Everything in this notebook is adapted to the specific customer segmentation project of a small car repair shop.

## Preparation

In [1]:
# Common utils
ERROR_MESSAGE_OSERROR = "File '{0}' not found."

## Extract
The extraction phase consists of
- merging the raw text files
- converting the text files to one single csv file
- converting the csv file to a pandas DataFrame
- processing the data (header name conversion, deleting unnessecary columns, normalizing, etc.)
- converting the final DataFrame to a parquet file

All steps are logged as MLflow runs with the relevant metadata and artifacts.
Every step will be represented as a python function to easily create the corresponding python scripts.

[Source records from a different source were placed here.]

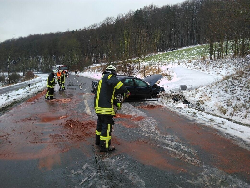 Der Löschzug Lichtenau wurde in den Mittagsstunden auf die L817 in Fahrtrichtung Husen alarmiert. Kurz vor dem Annenberg war es zu einem Alleinunfall eines PKWs gekommen. Der Löschzug Lichtenau betreute die verletzte Person bis zum Eintreffen des Rettungsdienstes und sicherte die Einsatzstelle ab. Aufgrund der Witterung und der Unübersichtlichkeit der Einsatzstelle wurde die Löschgruppe Husen zur Unterstützung bei der Absicherung alarmiert. Auslaufende Betriebsstoffe des Fahrzeugs wurden abgebunden und aufgenommen.
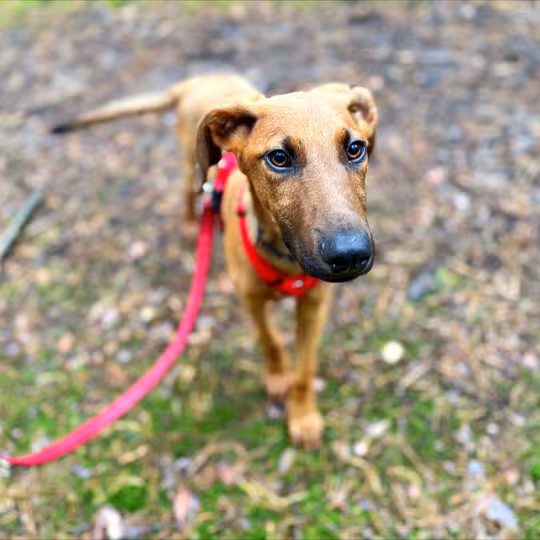 Hugo kam aus einem Partnertierheim zu uns und macht sich langsam auf die Suche nach einem neuen Zuhause. Der quirlige Junghund sucht eine aktive Familie die Zeit und Freude daran mitbringt ihm das kleine Hunde-1x1 beizubringen und mit ihm gemeinsam die Welt zu entdecken. Auf Unbekanntes geht Hugo offen und unvoreingenommen zu und ist auch im Erstkontakt mit fremden Menschen sicher und aufgeschlossen. Auch Kinder halten wir im neuen Zuhause für problemlos. Mit seinen Artgenossen kommt Hugo gut zurecht und könnte auch durchaus als Zweithund zu einem souveränen Ersthund ziehen. Da rein optisch gesehen auf jeden Fall der Windhund bei Hugos Rassezugehörigkeit mitgemischt hat ist es schwierig vorherzusehen wie sich der Jagdtrieb zukünftig entwickeln wird - selbstverständlich ist auch in diesem Fall angepasstes Training hilfreich, so ganz unwichtig ist die Erbanlage dabei jedoch natürlich nicht.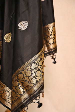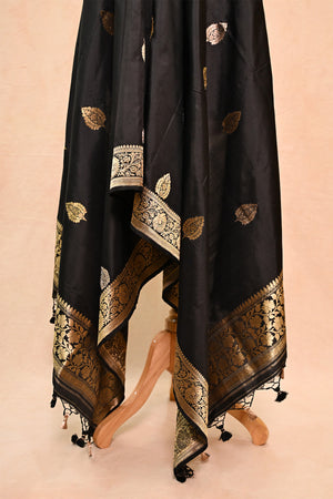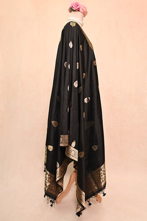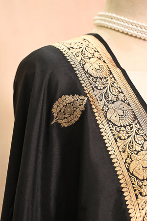 Black Katan Silk Banarasi Dupatta with Floral Border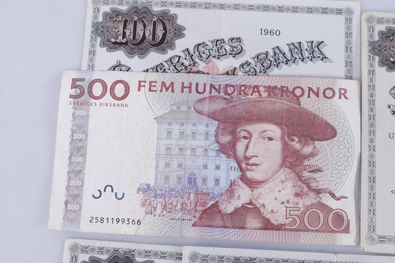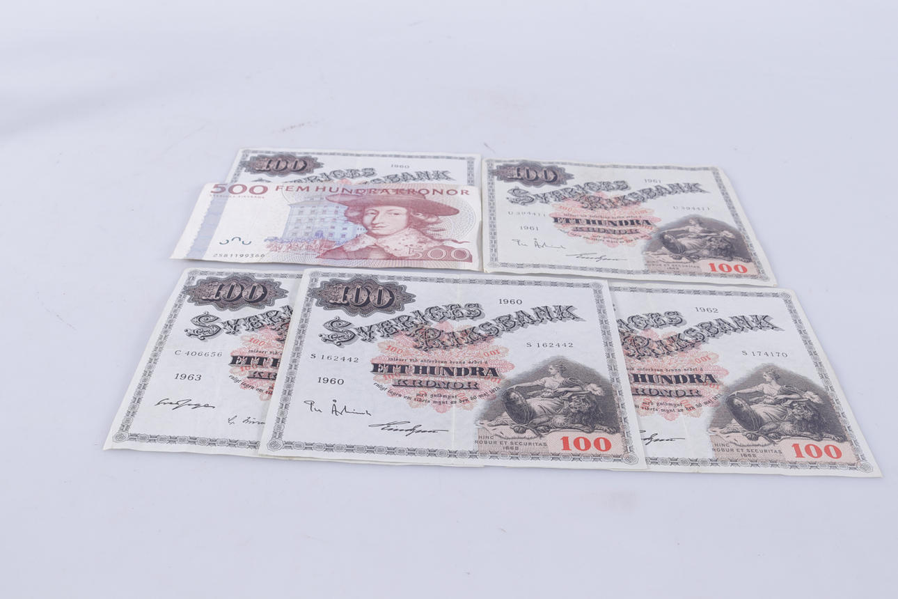 5 pcs 100 SEK banknotes, 2 pcs 1960, 1961, 1962, 1963 one 500 SEK Nominal value 1000 SEK.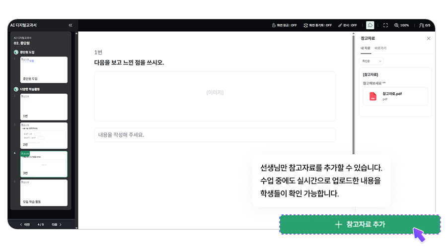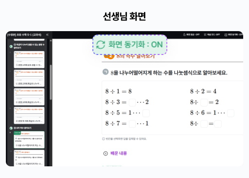 선생님과 학생의 화면을 동기화할 수 있어 수업 속도에 맞춘 원활한 수업이 가능해요.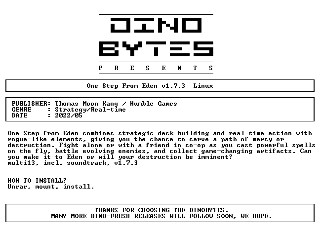 DOWNLOADhttps://mirrorace.org/m/4tsoohttps://www.gog.com/game/one_step_from_edenNFO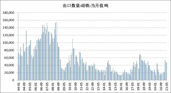 2021年5月中国含硅量大于55%硅铁出口量为45184.62吨,环比上月减少1172.31吨,降幅为2.53%;较去年同期增加17396.99吨,增幅62.61%。未来,海外市场钢铁产量逐步回升,在海外市场价格更高情况下,国内硅铁出口优势明显,下半年出口预计有部分增量。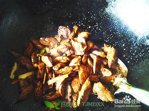 炒锅里倒入适量的植物油,油烧到5成熟,放入切好的鸡肝、盐、胡椒粉、酱油、料酒、葱、鸡精,快速一起翻炒。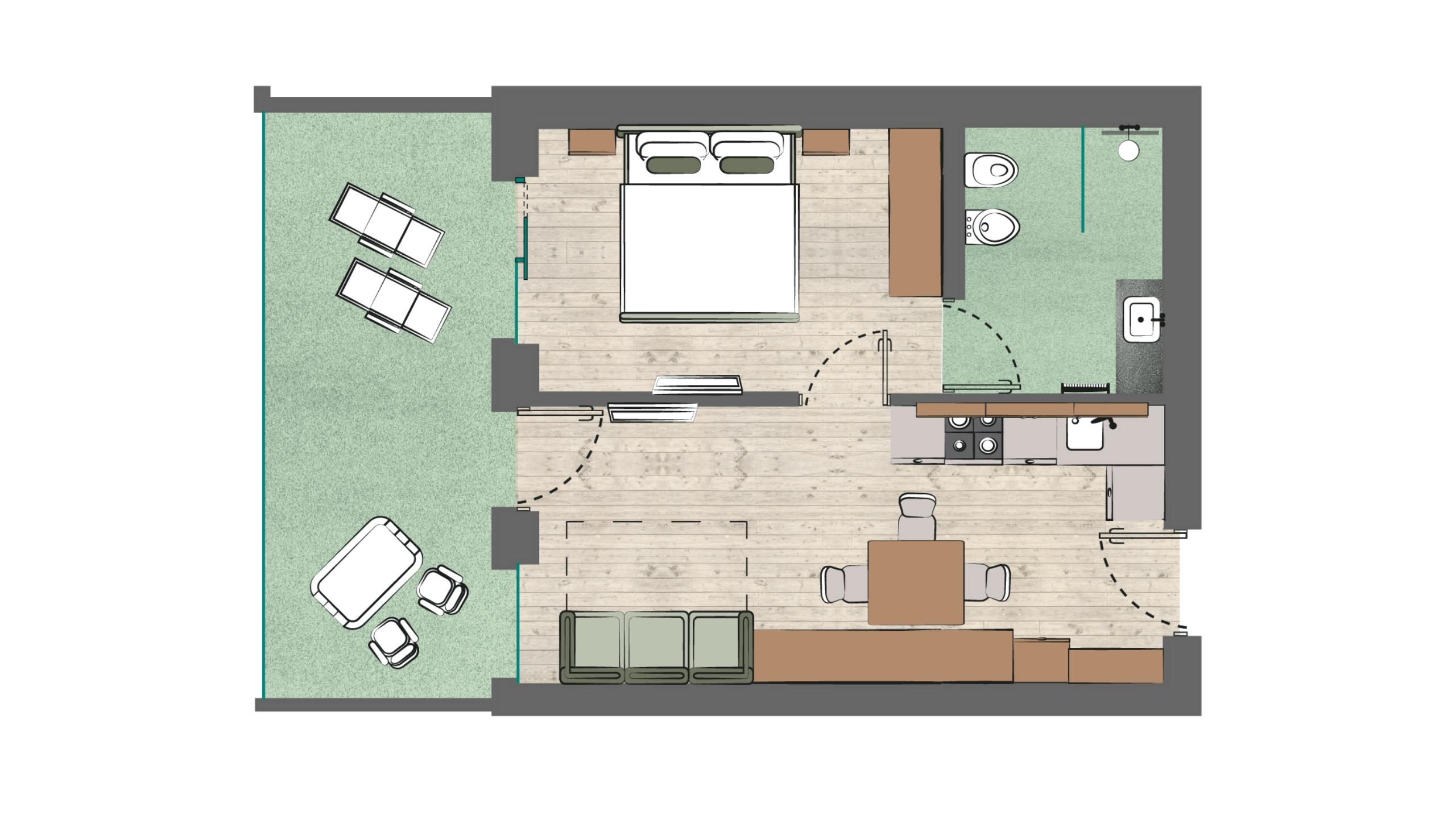 - Ogni appartamento è dotato di un divano letto di qualità, dove possono dormire comodamente due ospiti in più, sia adulti che bambini. In questo caso si applica un supplemento, salvo per i bambini al di sotto dei 3 anni che pernottano comunque gratis.

### Define common variables
These variables will be parameters for the final python scripts.

In [2]:
# Imports needed for extraction
import os
import time
from pathlib import Path

In [3]:
raw_data_path = 'data'
tmp_file_path = '/tmp'
raw_data_file_extensions = ['.TXT']
raw_data_merged_file_name = 'data_merged.TXT'
raw_data_encoding = 'iso8859_15'

### Merging the raw text files

In [4]:
def merge_raw_data(data_dir: str, out_file_path: str, *, data_dir_file_extensions: list, encoding='utf_8') -> str:
    """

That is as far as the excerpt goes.